I was able to watch the ashes sink away...and not feel loss, but feel like, here's for you, dad, grandma. I love you. And having the ceremonial aspect of it present made it feel very sacred and potent. It was definitely not an empty gesture.

Now that it is done, I do find that I feel less guilt about various could have should have things. It still creeps up on me sometimes, but much less.

Present at the first ceremony was M and my mother, and of course the priest doing the ceremony and myself. Present at the second was me, the priest, and an old friend of my father's.

One mishap was that for one ceremony, I was unable to find M. I searched all over for her, for hours, at her place of lodging, and could not find her. She does not have a phone and it was India, so...what could I do? I could not make the priest wait.

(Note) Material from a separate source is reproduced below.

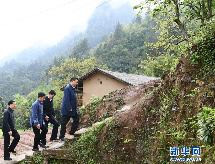 這是4月15日下午,在石柱土家族自治縣中益鄉華溪村,習近平踏著濕滑的石階登上陡坡,前往貧困戶譚登周家看望。 新華社記者 謝環馳 攝

I felt awful for not being able to find her, and I had a feeling it would upset her...but I was afraid that if I waited the ceremony would not take place. I wanted this specific priest, and he was very busy...he had no other free time to spare.

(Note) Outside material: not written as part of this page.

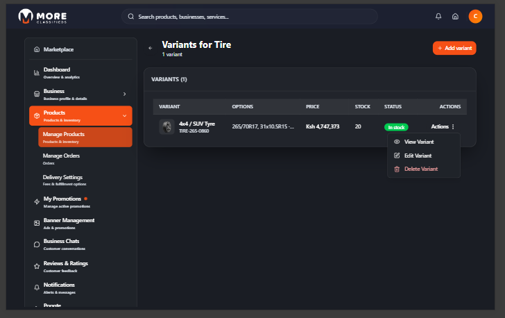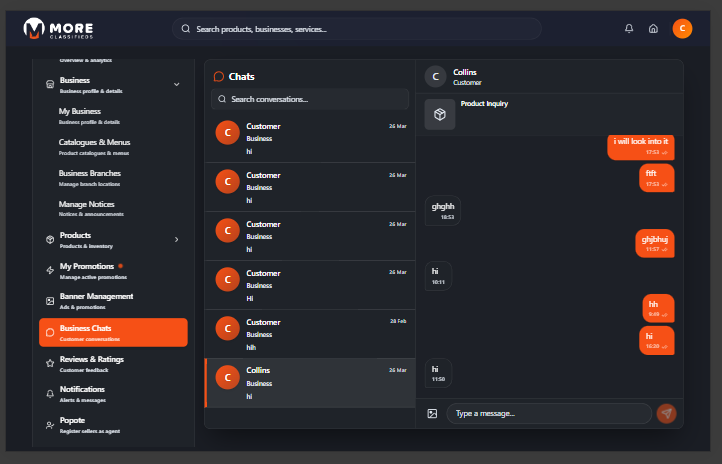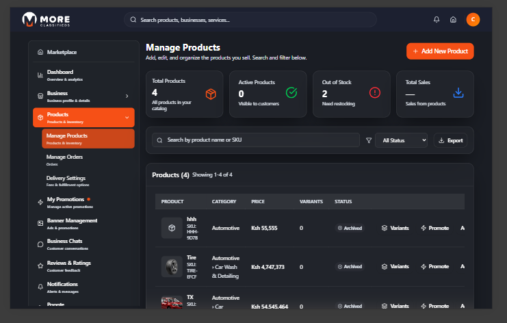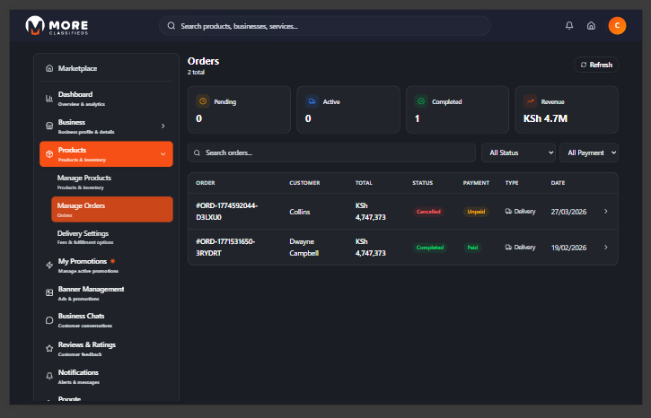 More Classifieds is Kenya's digital marketplace where sellers list businesses, showcase products, receive orders, and connect with buyers nationwide. Whether you run a retail shop, restaurant, service business, or anything in between — More Classifieds gives you the tools to get discovered and sell more.

Later I told M about the ceremony, and all she said was, "okay." Then she sent me an email on how very upset she was...and I felt horrible. I tried to explain to her the circumstances, and she said she forgave me...but I still feel like, in her heart, she probably never will. There is nothing I can do about this. It lies on me heavily; I have barely contacted her since we came back from India. She said that she went to India to scatter my dad's ashes as he requested, and I know this to be true...at the same time, we also went there to see our guru and visit holy places. And our guru had cancer at the time. So...I don't know. Fate did not want her to be there at the second ceremony. I tried my best.

*sigh* I wish it had all gone down absolutely perfect with no one getting upset...but ah well. The scattering of the ashes, which was the most important part, was amazing and perfect. Just to think of it makes me happy.

Thank you all so much for your support. ((((Hugs))))!